STORED DATA =
****

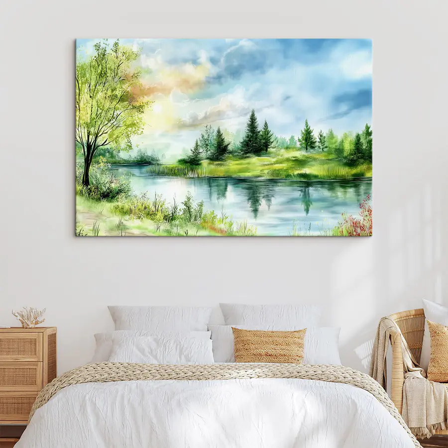 Przekształć dowolny pokój w spokojną ucieczkę dzięki tej uroczej akwareli. Wyobraź sobie spokojne jezioro, delikatnie otoczone kołyszącymi się drzewami i bujnymi trawami, skąpane w miękkim, sennym świetle. To jak mini wakacje dla twoich ścian, zapraszające do tych przytulnych chwil refleksji. Niezależnie od tego, czy wisi nad wygodną kanapą, czy w kąciku do czytania, pobudza marzenia o leniwych popołudniach spędzonych nad wodą. Żywe kolory mogą podnieść na duchu i tchnąć życie w nudną przestrzeń. Któż nie chciałby wrócić do domu, by podziwiać ten promienny kawałek natury? Dodaj trochę radości, ciepła, a może nawet odrobinę przygody do swojego wystroju.
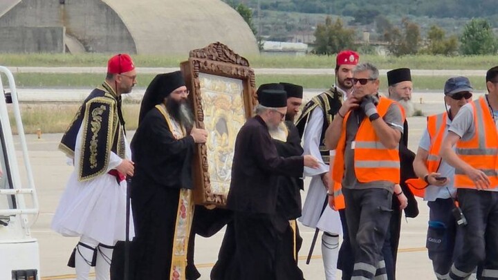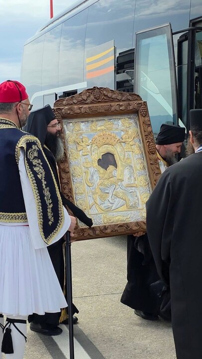 Τη Θαυματουργή Εικόνα της Παναγίας «Άξιον Εστί» υποδέχθηκε η Αιτωλοακαρνανία, η οποία αφίχθη το μεσημέρι της Πέμπτης (30/4) στο αεροδρόμιο του Ακτίου–Βόνιτσας..
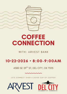 Come join us for our October 4th Thursday Coffee Connection with Arvest Bank in Del City! This will be a great opportunity to meet with them, Board members, and other Chamber members.
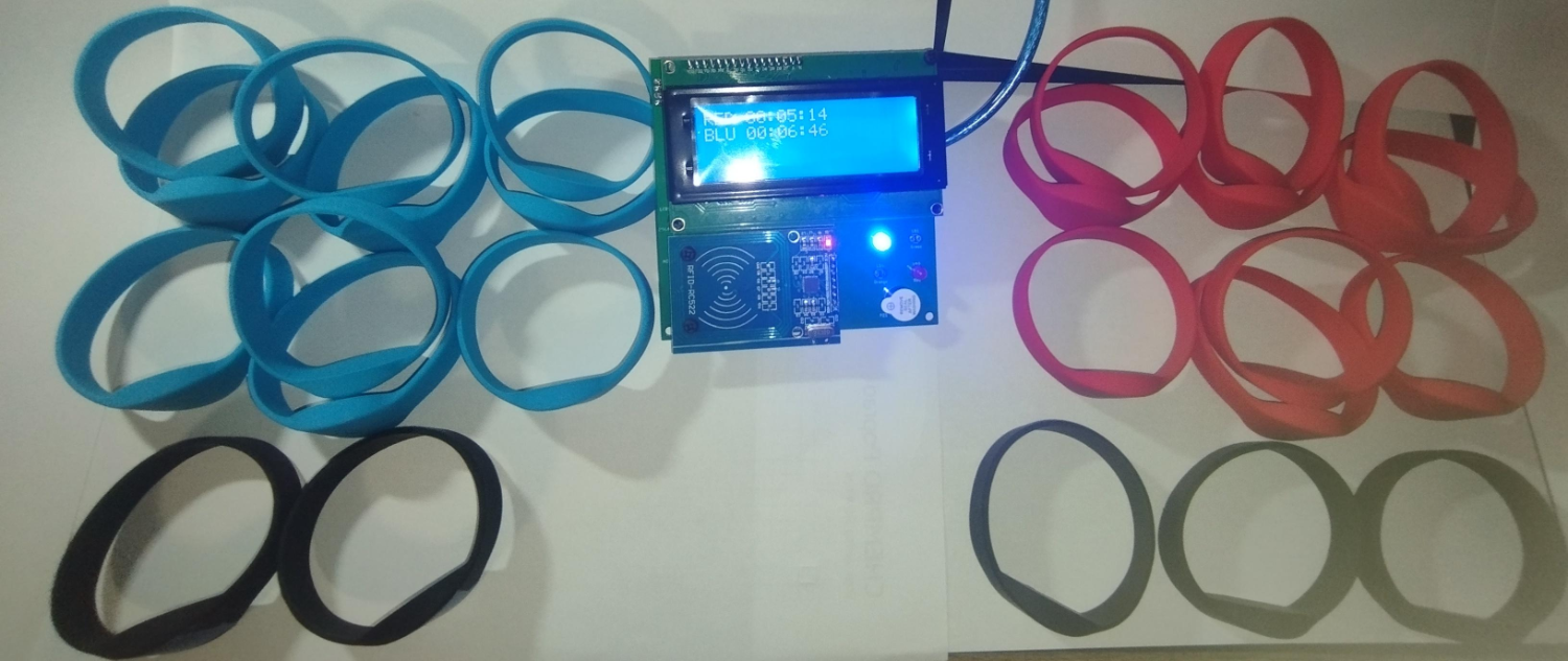 The hardware prototype has 2 LEDs in the colors of the given teams to indicate the current team holding the point. The player takes the team by attaching the RFID wristband to the reader. The wristbands are also in the colors of the teams, making it easier to distribute them to the players. The bracelets are maintenance-free.
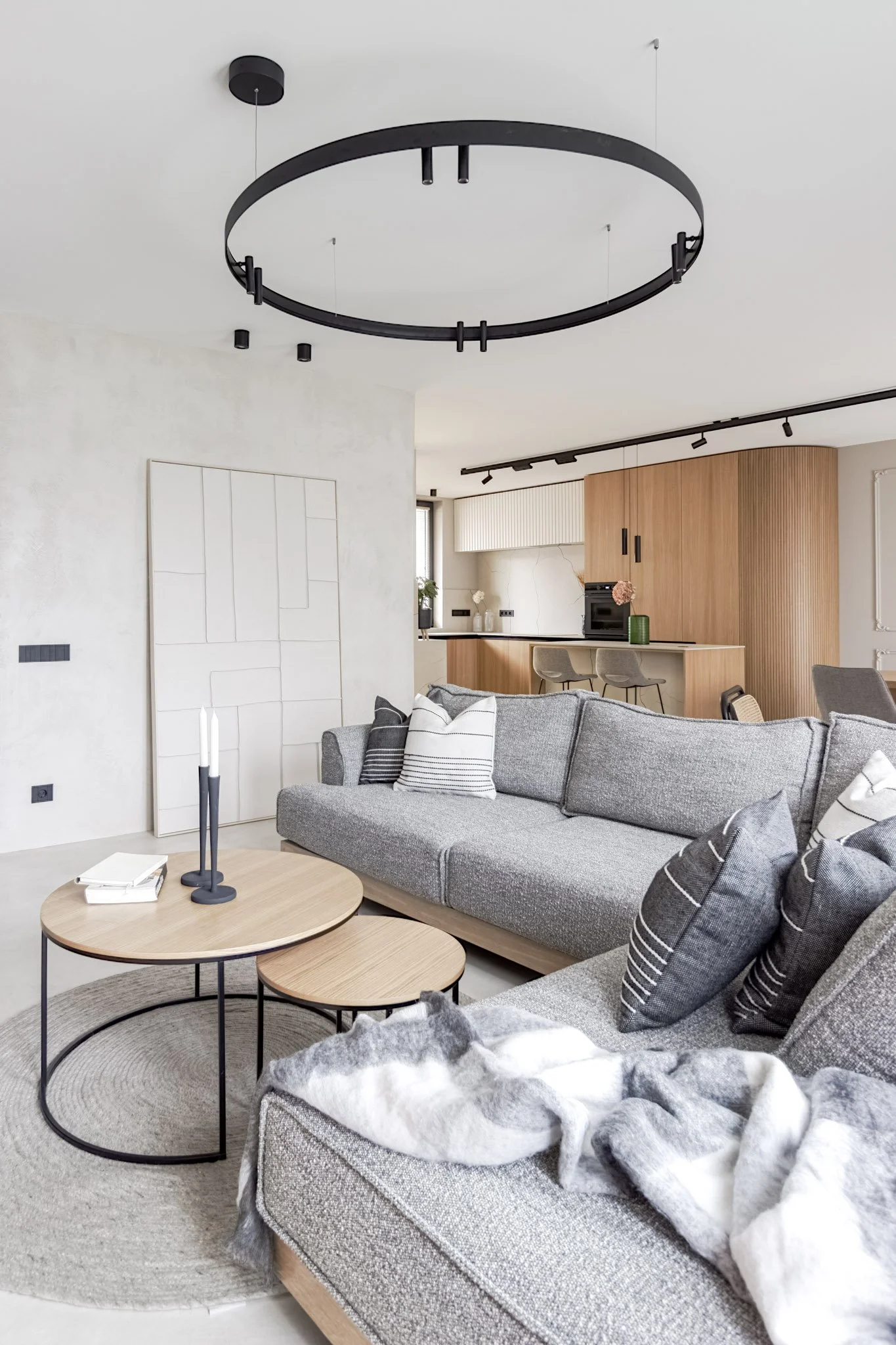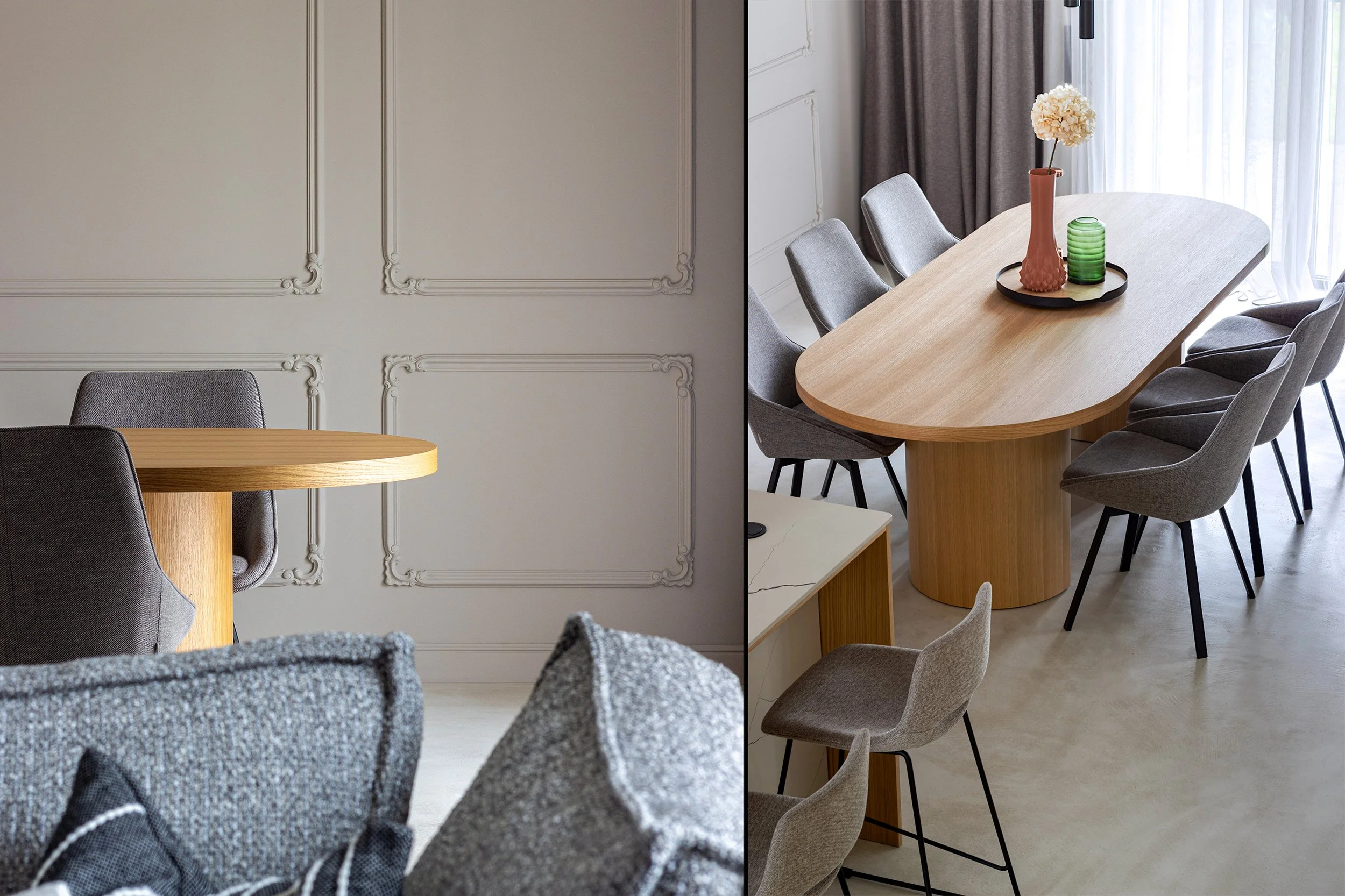 The dining area is defined by a centerpiece: a custom oval oak table that exudes timeless charm. Paired with upholstered gray chairs, it bridges style and comfort. The soft forms and natural tones lend a sense of warmth and serenity to the open-plan living space, ensuring both aesthetic appeal and functionality.
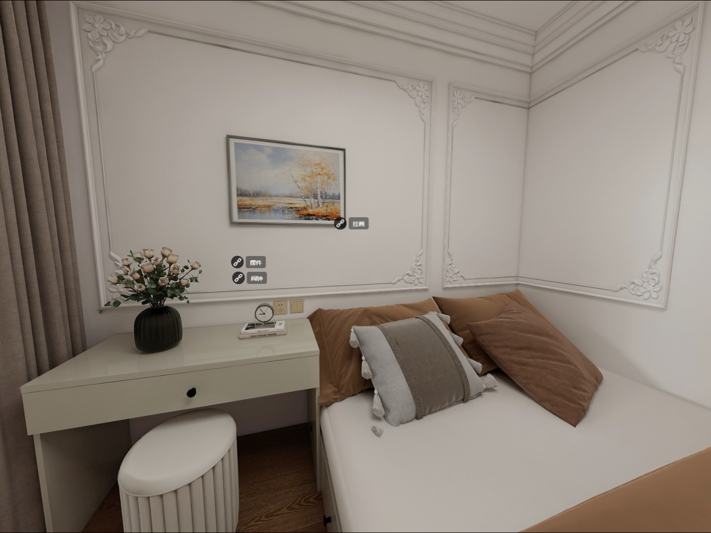 这套美式轻奢风装修,以柔和的基调与实用的布局,打造出适配日常居住的质感空间,尤其卧室部分的细节设计,既贴合风格又兼顾了不同的居住需求。
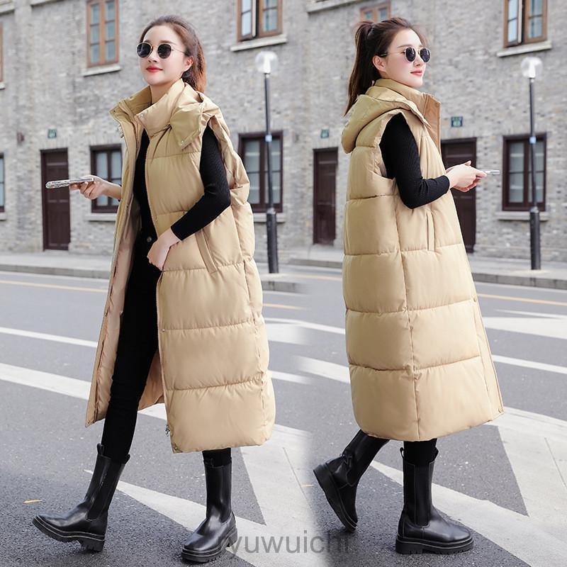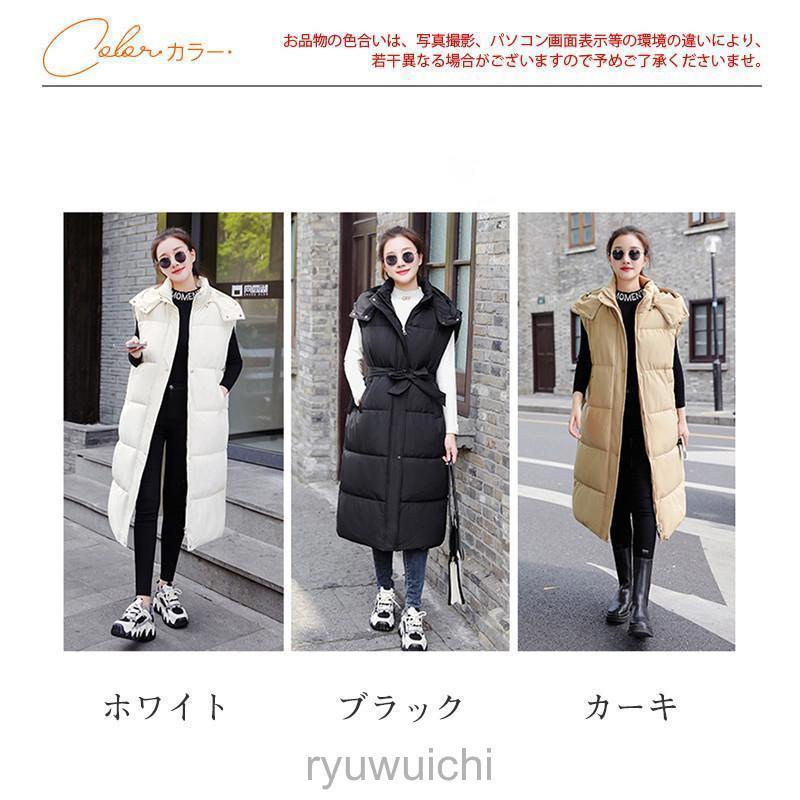 中綿ベスト レディース ダウンベスト ロング丈ベスト 防寒ベスト フード付き ノースリーブ アウター 防寒 無地 ジレ 前開き ゆったり 通勤 着痩せ
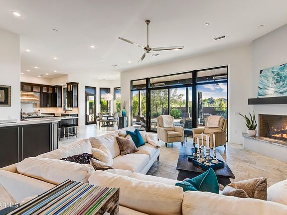 This custom home in Candlewood Estates is a true masterpiece, offering an unparalleled living experience on a private, north/south-facing lot along the 18th hole of the prestigious Troon North Pinnacle Golf Course. Enjoy the breathtaking views that encompass Pinnacle Peak, Troon Mountain, Tom's Thumb, Brown's Mountain, and the shimmering lights of the city below. Step inside and discover a world of elegance and comfort, featuring three bedrooms, study, and three and a half bathrooms thoughtfully designed to perfection. With no interior steps and the added convenience of a private elevator to transport you to a secluded guest suite upstairs, this home embodies the essence of easy living. The heart of this residence is its impressive chef's kitchen, where culinary dreams

****

AIM OF THE TASK = Beginning with the line that contains "这套美式轻奢风装修,以柔和的" and ending with the final line of the entries, every line must be copied exactly; the pictures must not.

ANSWER AREA =
 这套美式轻奢风装修,以柔和的基调与实用的布局,打造出适配日常居住的质感空间,尤其卧室部分的细节设计,既贴合风格又兼顾了不同的居住需求。
 中綿ベスト レディース ダウンベスト ロング丈ベスト 防寒ベスト フード付き ノースリーブ アウター 防寒 無地 ジレ 前開き ゆったり 通勤 着痩せ
 This custom home in Candlewood Estates is a true masterpiece, offering an unparalleled living experience on a private, north/south-facing lot along the 18th hole of the prestigious Troon North Pinnacle Golf Course. Enjoy the breathtaking views that encompass Pinnacle Peak, Troon Mountain, Tom's Thumb, Brown's Mountain, and the shimmering lights of the city below. Step inside and discover a world of elegance and comfort, featuring three bedrooms, study, and three and a half bathrooms thoughtfully designed to perfection. With no interior steps and the added convenience of a private elevator to transport you to a secluded guest suite upstairs, this home embodies the essence of easy living. The heart of this residence is its impressive chef's kitchen, where culinary dreams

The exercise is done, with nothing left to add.